I think he story could be made into a movie. A small one, a probably independent/European art-house one. Or as a companion piece to The Terminal.

Thorley Winston said...

From the article it looks like she travels on the train but at night tries to sleep at the homes of her mother, grandmother or boyfriend.

Anonymous said...

Müller washes her hair in the train bathroom.

She washes only her hair?
Like the mattress girl, she needs her 5 seconds of fame to push her first novel/journal. But unlike the mattress girl, she hasn't accused anyone of rape.

The Cracker Emcee said...

"I really feel at home on trains, and can visit so many more friends"
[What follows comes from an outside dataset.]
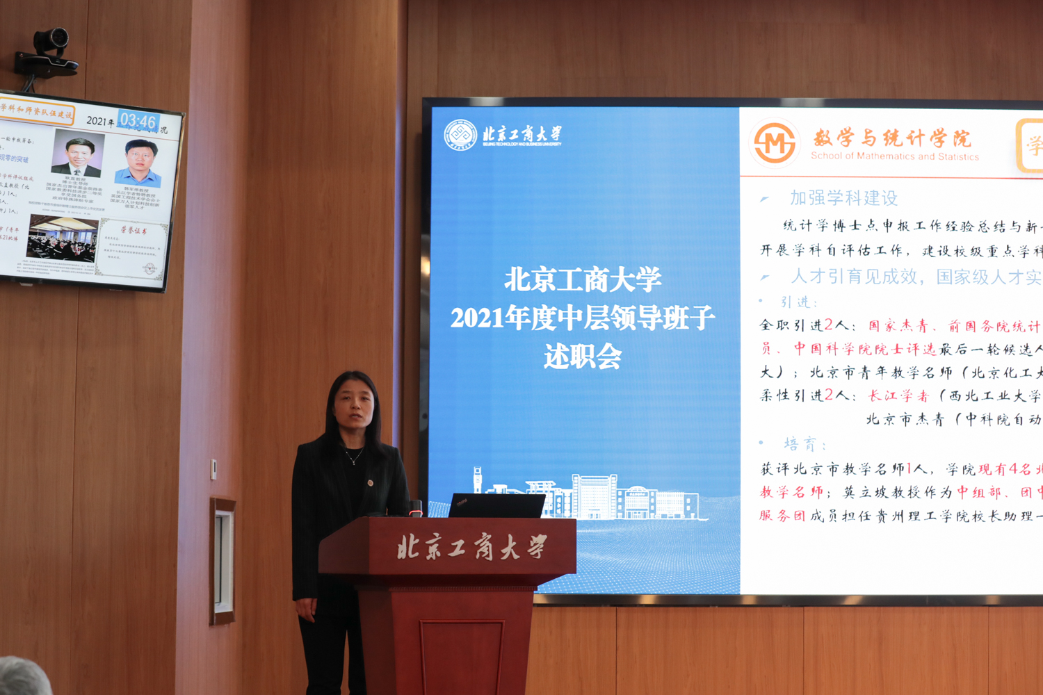 根据学校中层领导班子、中层干部考核工作安排,由各二级单位行政负责人依次代表领导班子对年度工作进行述职。43家二级单位负责人根据本单位自身职责定位,围绕学校党政工作要点、十大重点工作任务等内容,涵盖党的建设、班子自身建设、党风廉政及作风建设等方面情况,以文稿演示形式汇报了2021年工作完成情况、存在问题,展示了取得的工作业绩,并对2022年重点工作进行展望。

Living on trains, my ass. She's living off other people. Euro-bum.

Levi Starks said...

I have actually conceived of this idea but on a Greyhound bus. A better variety of destinations.

mikee said...

Up to 190 mph, but normally less than 30mph. Either fast or slow, she's going nowhere.

DrMaturin said...

Back in the 90's I calculated that you could live aboard a decent cruise ship for around $50,000 per year. This would cover all meals, entertainment, a gym and other amenities. Not sure what it would cost today but I'll bet not a lot more. Of course, you'd need to like the cruise ship scene, but for a retiree with a decent nest egg it could be appealing.

Paul Ciotti said...

When I was in college 50 years ago, kids on trips to Europe did the same thing. They'd get an unlimited travel pass so at that at night, when they'd normally be off to a hotel or youth hostel, they'd just take the train to a city say four hours away. As soon as they arrived, they'd take another train back. In the morning they'd wake up where they started from, having gotten a night's sleep for free.

Gahrie said...

but for a retiree with a decent nest egg it (living on a cruise ship) could be appealing.

I've read stories of people doing exactly this. But these people were going first class, and so spending a considerable more money.

gadfly said...

Where does she find a train that runs at 190 MPH in America? Metroliner service between New York and Washington supposedly had trains traveling at 200 MPH in the 1960s, but the fact is that average speeds were under 150 MPH. Today the Acela Express is our fastest train, but it reaches speeds up to 149 MPH in some sections of track in Rhode Island and Massachusetts.